Overall, single WGINV A and single WGINV B in the type IIa diamond and ensemble WGINVs in the type Ib diamond display a similar shape of zero-field continuous wave (CW) ODMR with three consistent features (first column of Fig. 2). First, they all show a positive shift ξ of a few MHz compared to D = 2.87 GHz. We attribute this to the compressive strain arising from laser-written modification lines providing a component of strain along the axis of the NV center.15,34 Second, the lower resonance frequency exhibits slightly higher ODMR contrast due to the excitation with a linearly polarized microwave (MW) magnetic field on a mixed sublevel ms = ±1 state split by non-axial or anisotropic strain.15,33 Third, two peaks are observed with splitting Δ of a few MHz. Using a pulsed ODMR sequence, the resolution of the experiment is greatly improved, leading to more structures being resolved for both single WGINVs. For single WGINV A, the splitting Δ of 2.26 MHz in CW ODMR and four resolvable resonance peaks in pulsed ODMR indicate the presence of nuclear 14N interaction and non-axial or anisotropic strain in the waveguide region.33,35,36 For single WGINV B, the splitting Δ of 3.87 MHz in CW ODMR and eight resolvable resonance peaks in pulsed ODMR imply that a complex combination of the non-axial or anisotropic strain and strong coupled nuclear 14N and 13C leads to splitting.35,37

FIG. 2.

ODMR spectra of single WGINVs (first and second rows) and ensemble WGINVs (third row). (a), (c), and (e) are the zero-field ODMR and (b), (d), and (f) are the ODMR spectrum with the applied magnetic field. The black (gray) scatter points and orange (blue) lines are the raw data and corresponding fitted curves in the CW (pulsed) model ODMR. The insets of (b) and (d) are the hyperfine structure of the gray regions in (b) and (d), respectively. The blue arrows represent the target frequencies used for the time domain ODMR measurements.

FIG. 2.

ODMR spectra of single WGINVs (first and second rows) and ensemble WGINVs (third row). (a), (c), and (e) are the zero-field ODMR and (b), (d), and (f) are the ODMR spectrum with the applied magnetic field. The black (gray) scatter points and orange (blue) lines are the raw data and corresponding fitted curves in the CW (pulsed) model ODMR. The insets of (b) and (d) are the hyperfine structure of the gray regions in (b) and (d), respectively. The blue arrows represent the target frequencies used for the time domain ODMR measurements.

Close modal

For the ensemble WGINVs in type Ib diamond, we observe a positive shift ξ of 2.5 MHz and a zero-field splitting Δ of 4.1 MHz. We note that in this regime, the contributions from each of the four orientations of the NV center ensemble cannot be individually resolved.

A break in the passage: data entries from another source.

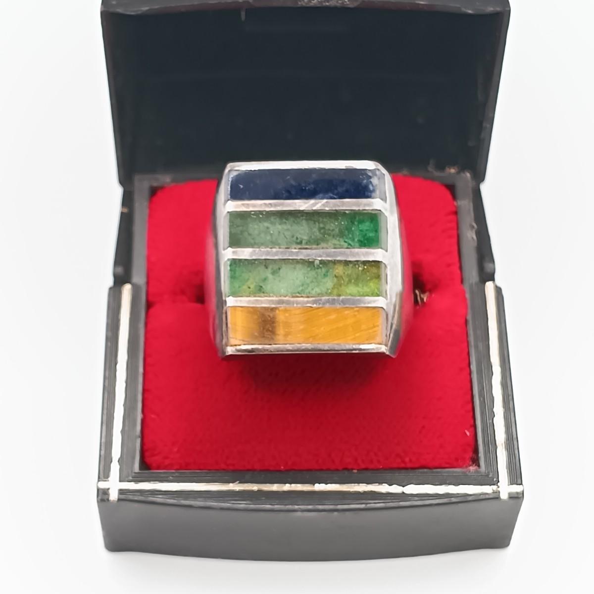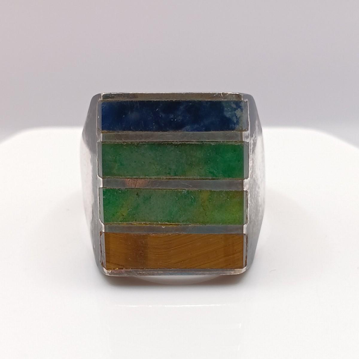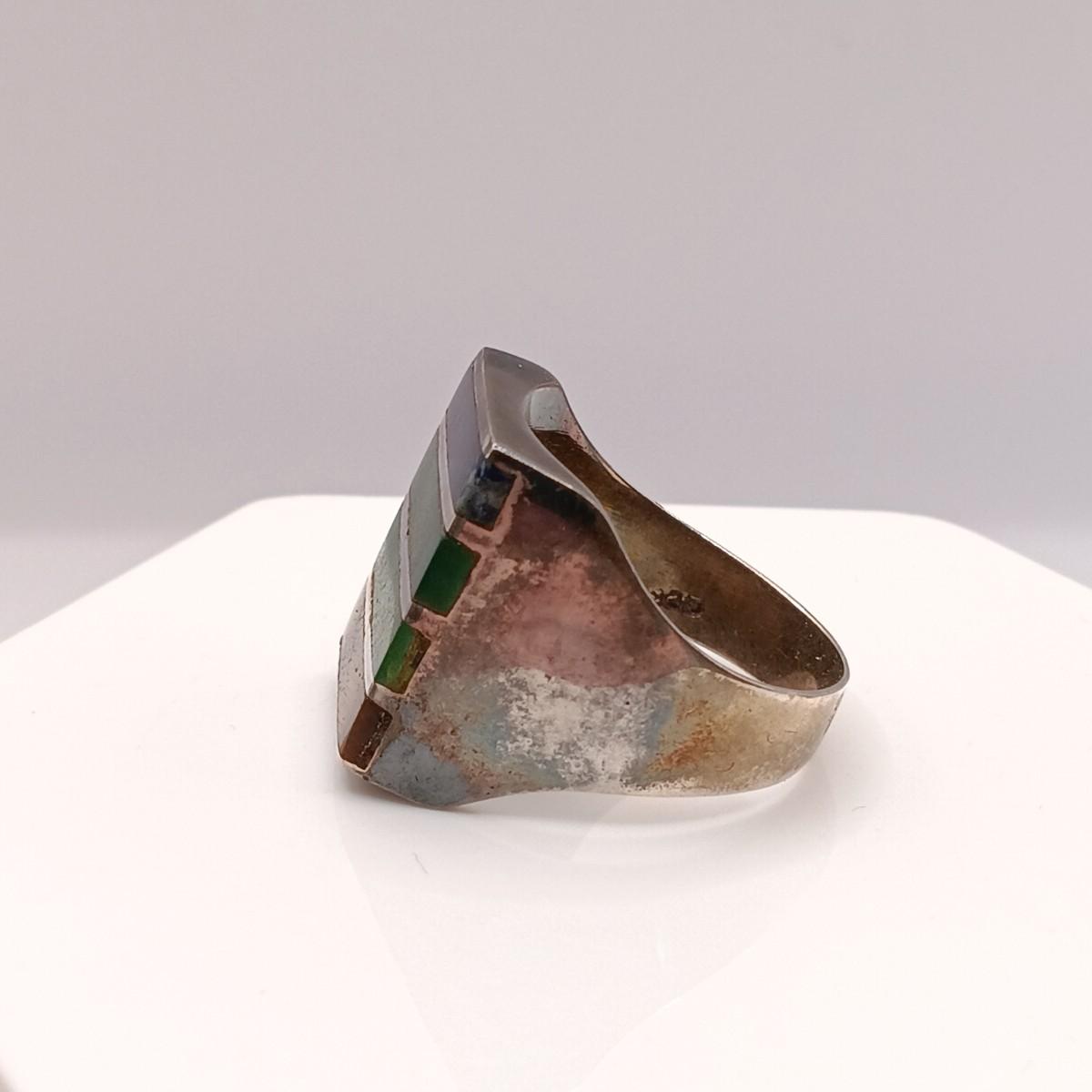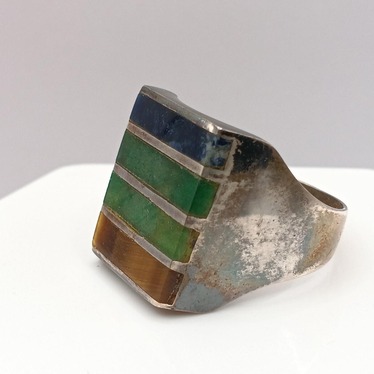 LOT 31: Vintage Men's 925 Sterling Silver Ring with Stone Inlay 11.8gtw Sz 10
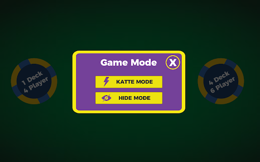 Hide Mode: The player to the dealer’s right selects a card placing it to table face down which will be declared as trump suit for that play.
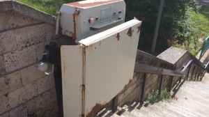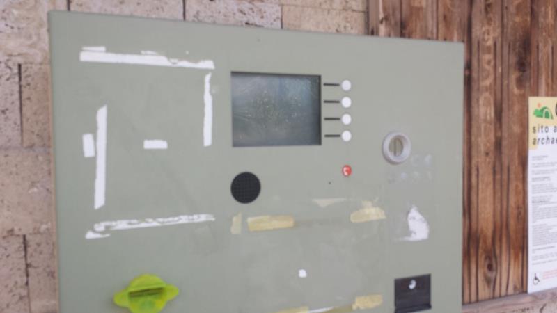 Il parcheggio a monte del sito accoglie i turisti in uno squallore che ha pochi uguali in Italia: erba alta, strumentazione elettrica abbandonata, saliscendi per disabili inutilizzabile e arrugginito, nessuna decorazione alle pareti del sottopasso; nessun infopoint a parte un vecchio cartello; nessuno che ti accolga e che ti faccia sentire in un luogo incantevole e pieno di storia.
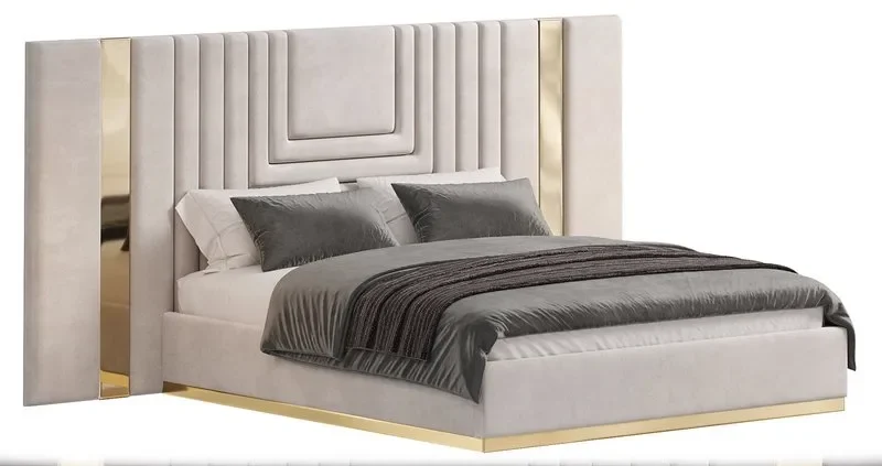 Cama Tapizada Madlen Queen - Gris y Dorado
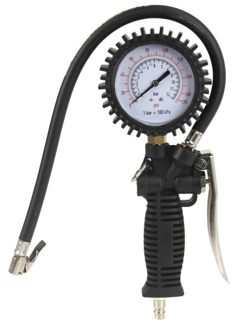 Pištolj za pumpanje guma ima manometar kojim je opremljen te ima skalu koja vam omogućuje mjerenje tlaka do 12 bara. Dodatno, manometar je opremljen zaštitnim poklopcem za sprječavanje oštećenja. Manometar je pričvršćen na tijelo pištolja standardnim metalnim navojem koji omogućuje zamjenu novim (u slučaju oštećenja). Tijelo pištolja ima ručku za vješanje i standardni vrh za brzu spojnicu. Pištolj je opremljen dvostupanjskim ventilom koji omogućuje ispuhavanje zraka pritiskom na okidač do pola.
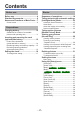 Contents Application (Record) Application (View) Taking pictures with your own settings [Normal Picture] Mode......................... 40 How to adjust focus............................. 41 Using zoom........................................... 43 Different playback methods [Playback Mode]................................... 64 Taking pictures with flash.................... 45 Taking pictures with self-timer............ 47 Taking pictures with Exposure Compensation.......................................
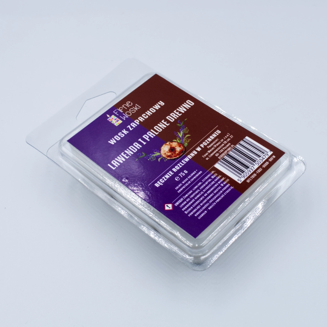 LAWENDA I PALONE DREWNO to nie mniej niż 75 g sojowego wosku zapachowego. Fifne Woski rozlewamy ręcznie na poznańskim Łazarzu.
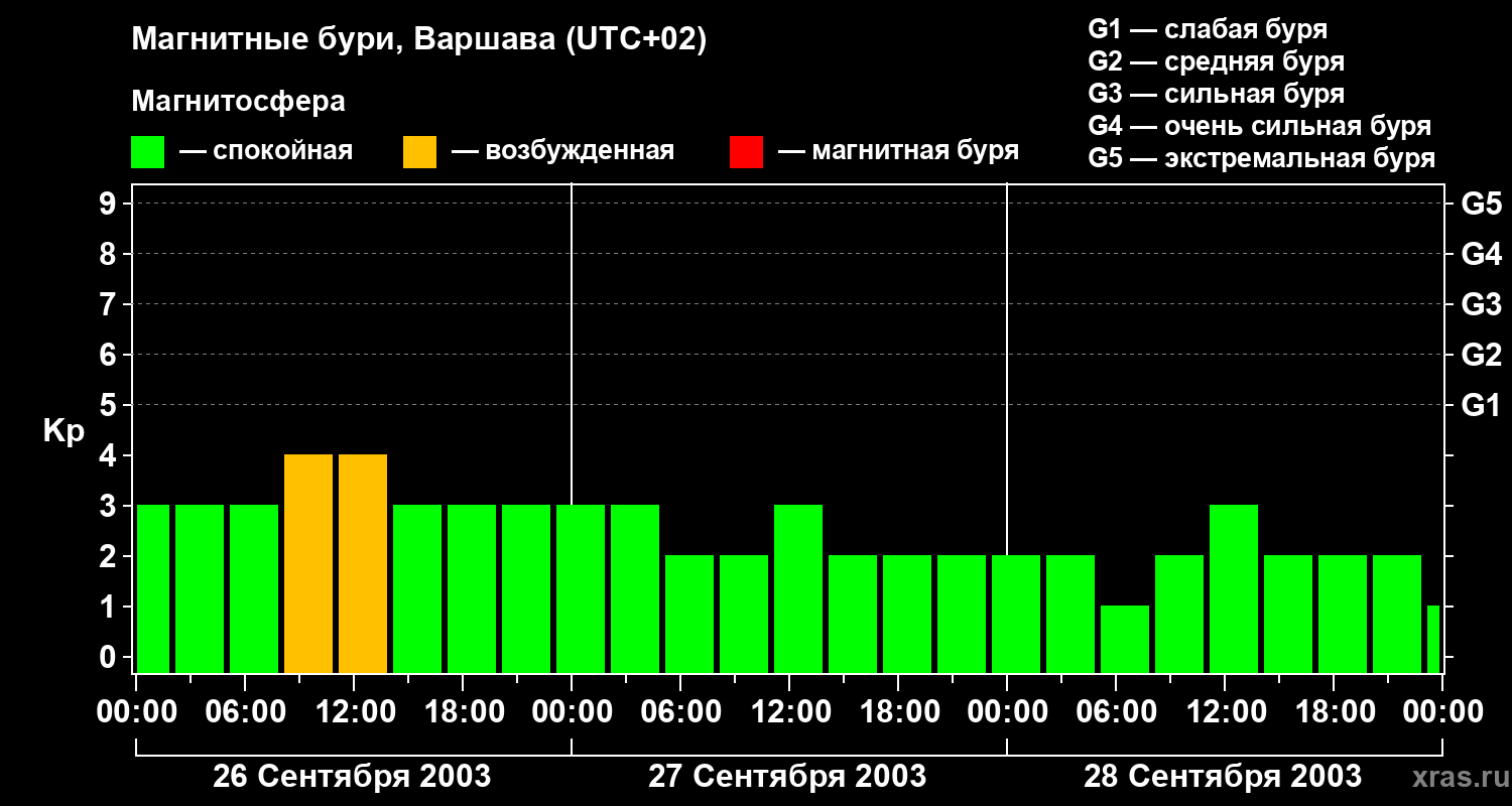 Магнитные бури в Варшаве — 28 сентября 2003 года

However, the splitting and shift of the combined signal are consistent with the expected compressive strain arising from the laser-written modification lines,28,29 as well as some additional effects from the local electric field from over 200 ppm charge impurities.36 

To further lift the degeneracy of ms = ±1 and quantify the hyperfine interaction strength between NV electron spin and nearby strong coupling nuclear spins, a 4.6 mT magnetic field is applied for the single WGINVs in type IIa diamond. The typical 2.16 MHz 14N hyperfine splitting observed in pulsed ODMR3 of single WGINV A is shown in gray data points in Fig. 2(b). For single WGINV B, we observed six anti-peaks in the inset of Fig. 2(d), revealing the 6.43 MHz 13C coupling strength38 in combination with 2.16 MHz 14N hyperfine splitting. The fact that the nuclear hyperfine splitting is resolvable in both zero field and non-zero magnetic field ODMR highlights the excellent coherence properties of NVs and their potential as quantum registers. For ensemble WGINVs in Ib, in Fig. 2(f), a ∼5.17 mT magnetic field is applied to lift the degeneracy of the ms = ±1 transitions along the four NV orientations. The central frequencies marked with blue arrows in Figs. 2(b), 2(d), and 2(f) are now used for time domain measurements in Sec. II C 2.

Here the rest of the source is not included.